World’s largest washboard at the Columbus Washboard Co. (photo by Ohio Images)
Ohio Life

World’s Largest Washboard, Logan

The Columbus Washboard Co. built a 24-foot-tall version of its namesake product to identify its factory in Logan.

In a world where we’ve created ways for household appliances to communicate with one another and mobile phones seem to rule our lives from the back pockets of our jeans, a little company in Logan makes an old-school product that has just one setting: unplugged.

Frederic Martin founded the Columbus Washboard Co. in 1895, and the business called our capital city home for more than a century, until it was sold and moved to a vacant factory space just outside the Hocking Hills in 1999. The nation’s only remaining washboard-maker then built a 24-foot-tall replica of one of its products to display on the building’s exterior.

“If you’re coming in from High Street to go onto Main Street, you cannot miss this great big washboard that’s stuck to the side,” says James Martin, a Columbus Washboard Co. co-owner, who left his role as factory manager in 2017 for a position with the Hocking Hills Tourism Association.

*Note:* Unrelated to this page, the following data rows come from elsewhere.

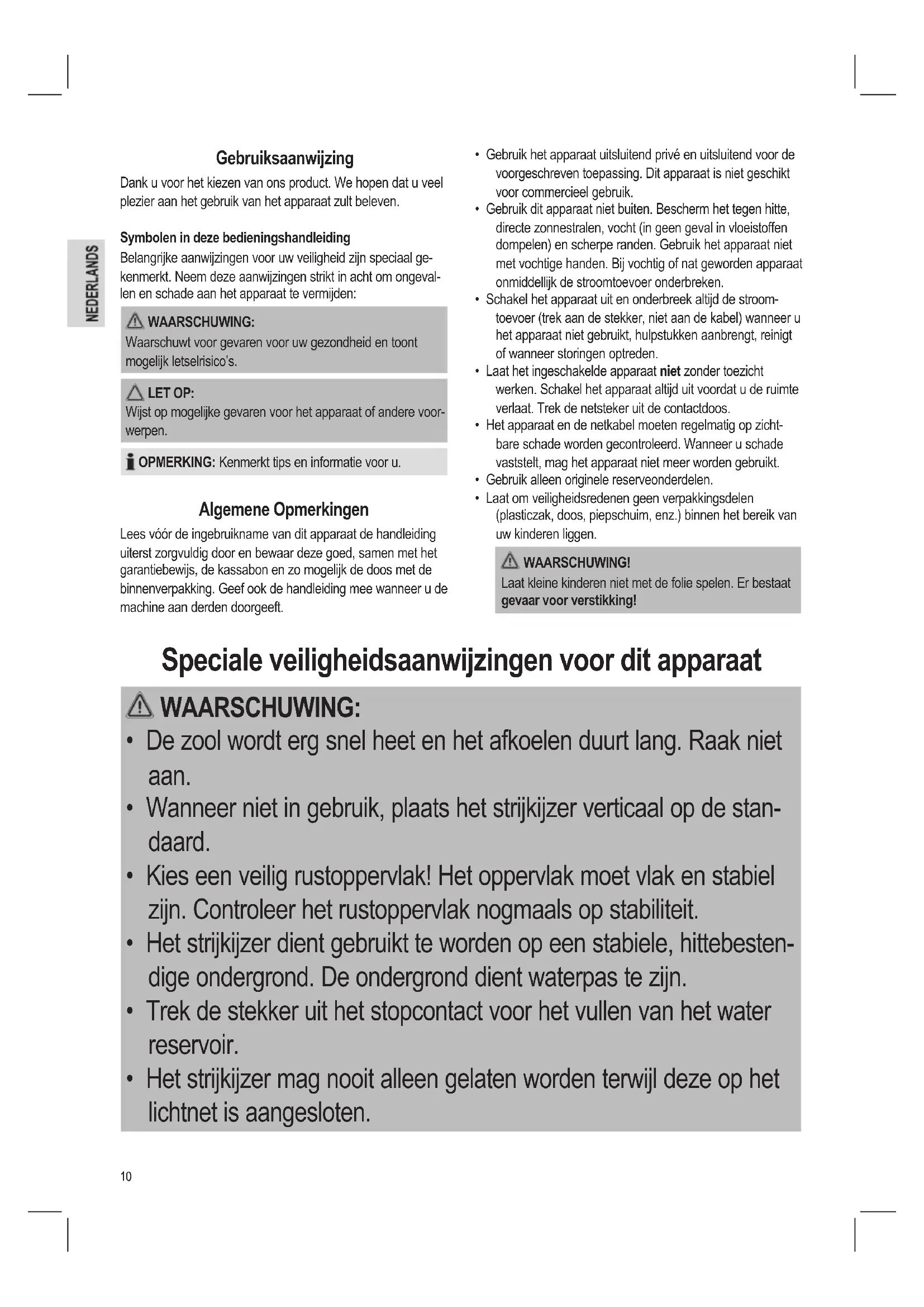 - Het strijkijzer mag nooit alleen gelaten worden terwijl deze op het lichtnet is aangesloten.11 WAARSCHUWING: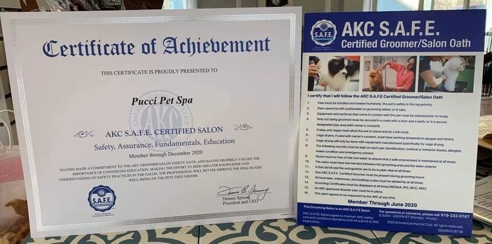 Pucci Pet Spa is proud to announce we are an AKC SAFE Certified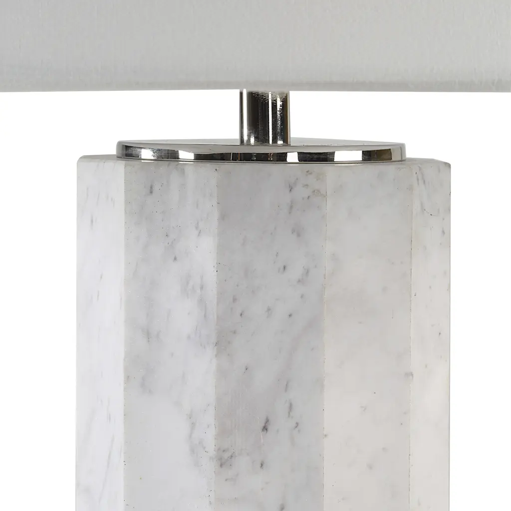 Known as the Carrara of Greece, Volakas marble was used in the design of this stunning table lamp for the modern aesthetic it provides. Its ivory shade not only complements this lamp perfectly, but also delivers diffused ambient light that sheds warmth and style throughout any contemporary space.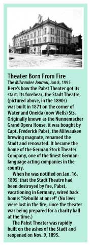 kitchen of the attached cafe and caused extensive smoke damage and the necessity of rebuilding the basement areas of the theater as well. With this need to close the theater for a time, the occasion was used to have Pabst brewery architect G. Otto Strack redesign the boxes in the auditorium to better the acoustics and sight lines, and thus this man got his first opportunity to put his mark upon this theater, even though his design for it had been rejected in 1890. The Stadt continued for two more years until finally a disastrous fire reduced all but its foundation and some of its walls to rubble in January of 1895. Preparations for a charity ball had been under way with streamers of tarlatan radiating from a chandelier of open flames, one of which ignited the streamers. Though valiantly fought in near zero temperatures, the multitude of fire companies could save only the four bays of the attached commercial and office building which was separated from the theatre by a brick firewall.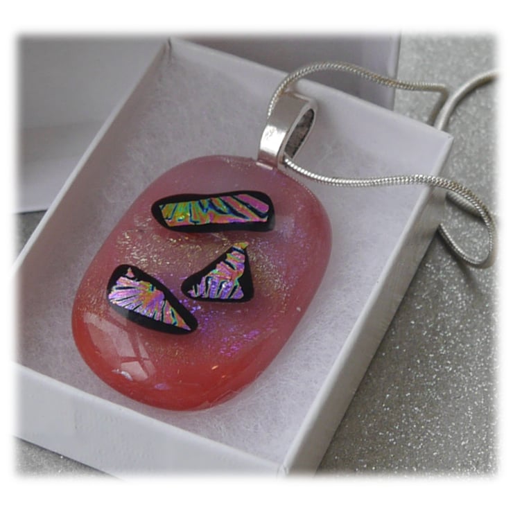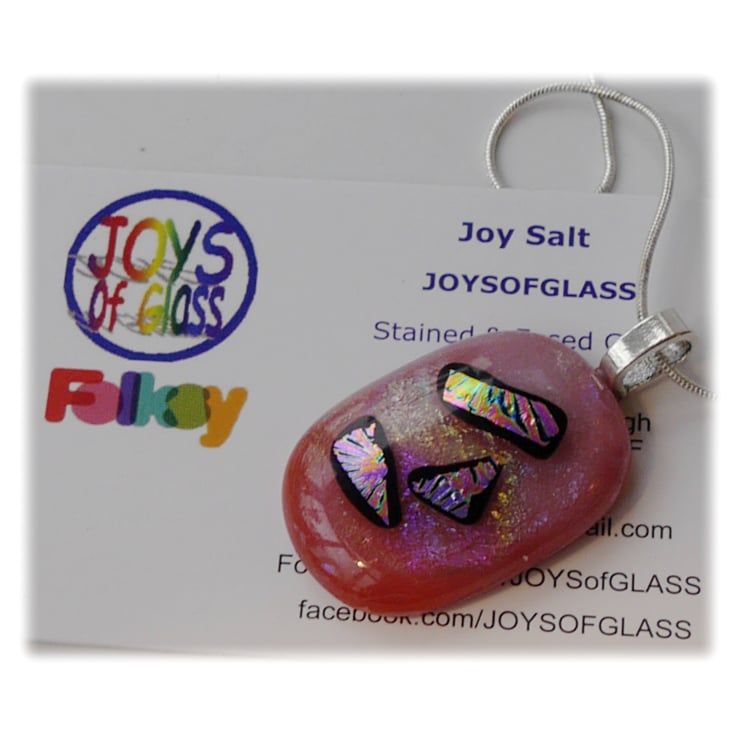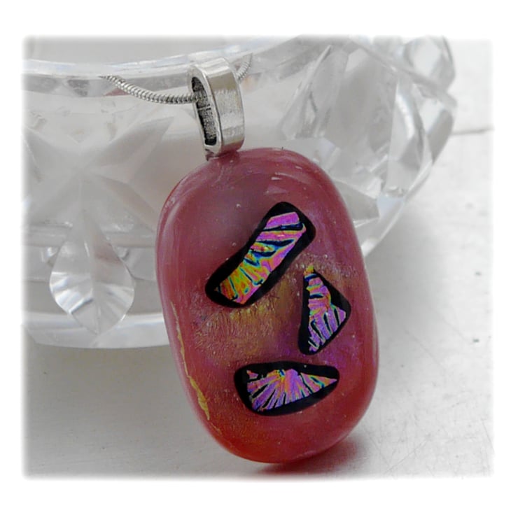 Dichroic Glass Pendant 116 Rose Pink Shimmer with silver plated chain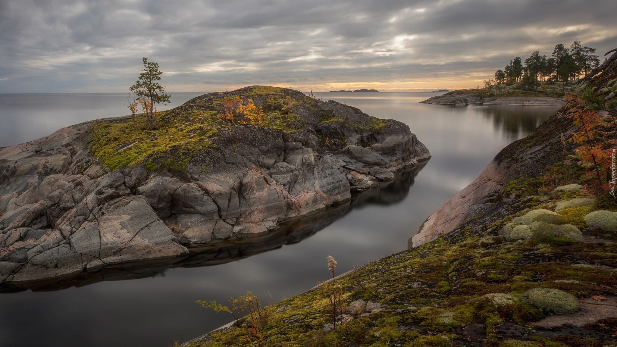 Edytor tapety: Drzewa na skalnych wysepkach jeziora Ładoga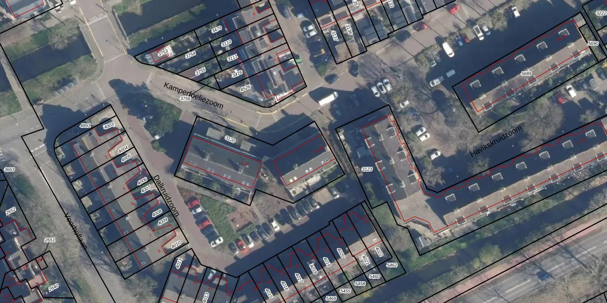 Het perceel waarop Kamperfoeliezoom 12 staat heeft een oppervlakte van 1020 m². Dit is een zeer groot perceel. De perceeloppervlakte wordt geregistreerd door het Kadaster. Gedetailleerde informatie over de maten van dit perceel kunt u vinden in het rapport Kadastrale kaart met maatvoering van Kamperfoeliezoom 12.
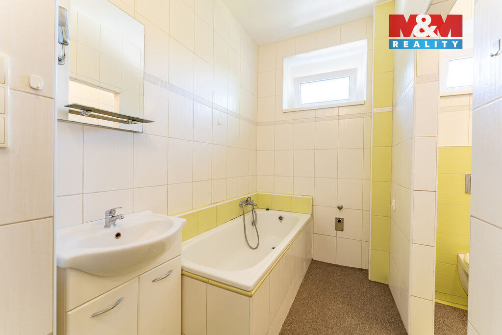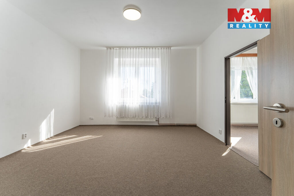 Pronájem bytu 3+kk se zahradou a garáží , Bezno – ulice Nemyslovická Nabízíme k dlouhodobému pronájmu prostorný a světlý byt o dispozici 3+kk, nacházející se ve 1. nadzemním podlaží menšího bytového domu v klidné části obce Bezno, ulice Nemyslovická. Byt prošel rekonstrukcí, včetně tepelného čerpadla a je ve velmi dobrém technickém stavu – připraven k okamžitému nastěhování. Dispozice zahrnuje tři pokoje, kuchyni včetně kuchyňské linky (bez lednice), koupelnu s WC a komoru. Součástí pronájmu je i užívání oplocené zahrady o výměře 280 m², která poskytuje příjemný prostor pro odpočinek, grilování nebo zázemí pro děti. Byt je ideální pro rodinu hledající klidné bydlení s možností využití vlastní zahrady. Parkování je možné před domem nebo v garáži.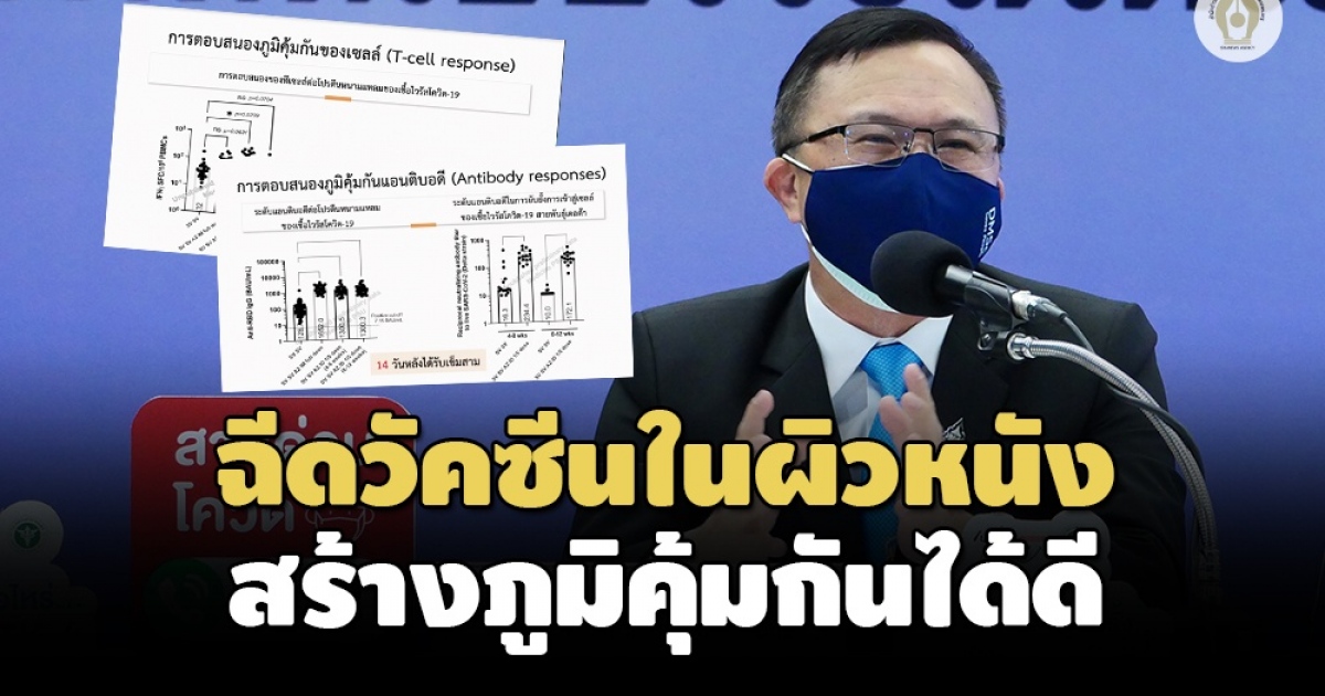 สธ.เผยผลวิจัยฉีดวัคซีนกระตุ้นในผิวหนัง ใช้วัคซีนน้อย-สร้างภูมิคุ้มกันได้ดี เป็นอีกตัวช่วยหากวัคซีนมีจำกัด ย้ำปัจจุบันยังฉีดวัคซีนป้องกันโควิดเข้ากล้ามเนื้อ แต่อาจมีการพิจารณาฉีดวัคซีนในผิวหนังเมื่อมีงานวิจัยรองรับเพียงพอ หรือต้องการเร่งฉีดวัคซีน

The washboard went up in 2002 and was built by Barnett Construction — a local company owned by Jacqui and Bevan Barnett, who also co-own the Columbus Washboard Co. with Larry and Joyce Gerstner and Martin. The factory makes up to 20,000 washboards a year, selling them to large chains and visitors to the factory’s on-site gift shop.

“You’re buying native, hand-assembled products that were made 100 percent in the USA,” says Martin, “and they actually still have a practical use.”

The company website offers instructions on how best to clean laundry using a washboard, as well as how to play one as a musical instrument. Columbus Washboard Co. gets a boost during Logan’s annual Washboard Music Festival, which was launched around the same time the business relocated to town. Held each June on Father’s Day weekend, the festival is a celebration of this piece of Appalachian heritage.

“It’s very, very eccentric, but it’s really fun,” Martin says of the festival. “We’re there to keep a piece of American history alive.”